В диссертация говорится, что в глобальном смысле решения IV Латеранского собора были обусловлены борьбой с народными еретическими движениями вальденсов. альбигойцев, бегардов и бегинок. Они приобрели широкую популярность в странах Западной Европы особенно в среде городских жителей. Целые области богатого Юга Франции оказались во власти еретиков. Для преодоления смуты папа Иннокентий III призвал к Крестовому походу против альбигойцев. В диссертационном исследовании подчеркивается, что зримая победа над еретиками - взятие в 1244 году их последнего оплота замка Монсегюр - еще не означала, что ересь была реально истреблена. Потребовались годы, даже десятилетия вплоть до начала XIV века, чтобы окончательно изжить дух этого неортодоксального учения. Именно в данном контексте рассматривается деятельность новых нищенствующих монашеских орденов доминиканцев и францисканцев (мендикантов). Они находились под особой юрисдикцией папы, возглавили суды инквизиционного трибунала, получили ряд привилегий для работы с прихожанами, добились значимых преимуществ в сфере образования. В параграфе, в частности, делается вывод о том, что широта охвата деяний мендикантов приобрела, по сути, тотальный характер. Практически в каждом небольшом городе имелся их монастырь. В исследовании указывается, что в их применении исповедь и проповедь стали искусными инструментами тонкого психологического воздействия на умы и душевную жизнь прихожан, с помощью которых велась ожесточенная и непримиримая борьба с тайными приверженцами еретических учений. Прибегая к специфическим процедурам введения людей в транс, проповедники добивались массовых самообличений и всеобщего раскаяния.

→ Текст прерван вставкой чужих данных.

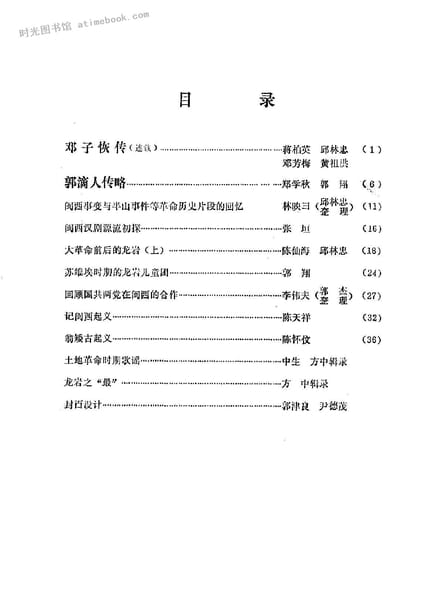 | 网盘路径:/时光图书馆珍藏系列/书籍文件/老图书/《龙岩文史资料_初稿_第1期》电子版合集.db | ||

В повседневной церковной практике, как следует из дальнейшего освещения проблемы, существенную роль играли приходские общины и местные кюре. В рамках церковной общины человек проводил всю свою жизнь от таинства крещения до обряда похорон, поэтому чувство социального единства и контроля неизбывно присутствовало в сознании всех прихожан С другой стороны, именно на местных священников возлагались все тяготы обыденных церковных процедур, решения проблем и неурядиц простых людей, оказание им необходимой моральной поддержки и проявление человеческого участия. Приходской священник, обремененный соответствующей церковной властью ключей, которая неизбежно падала на его плечи, приобретал в деятельности своей общины уникальную роль врачевателя душ и духовного пастыря. Он от имени Церкви осуществлял "заботу о душах". Его статус был, по сути, сопоставим с миссией божественного контроля, поэтому он имел полное право, что легитимизировалось самой Церковью в рамках соответствующих постановлений Соборов, внедряться в самые потаенные уголки сознания своих подопечных. Кроме того, в работе указывается, что священники выполняли многие дополнительные социальные функции дисциплинарного контроля и руководства паствой: административные, санитарно-гигиенические, полицейские. Все это еще более усиливало позиции местных кюре.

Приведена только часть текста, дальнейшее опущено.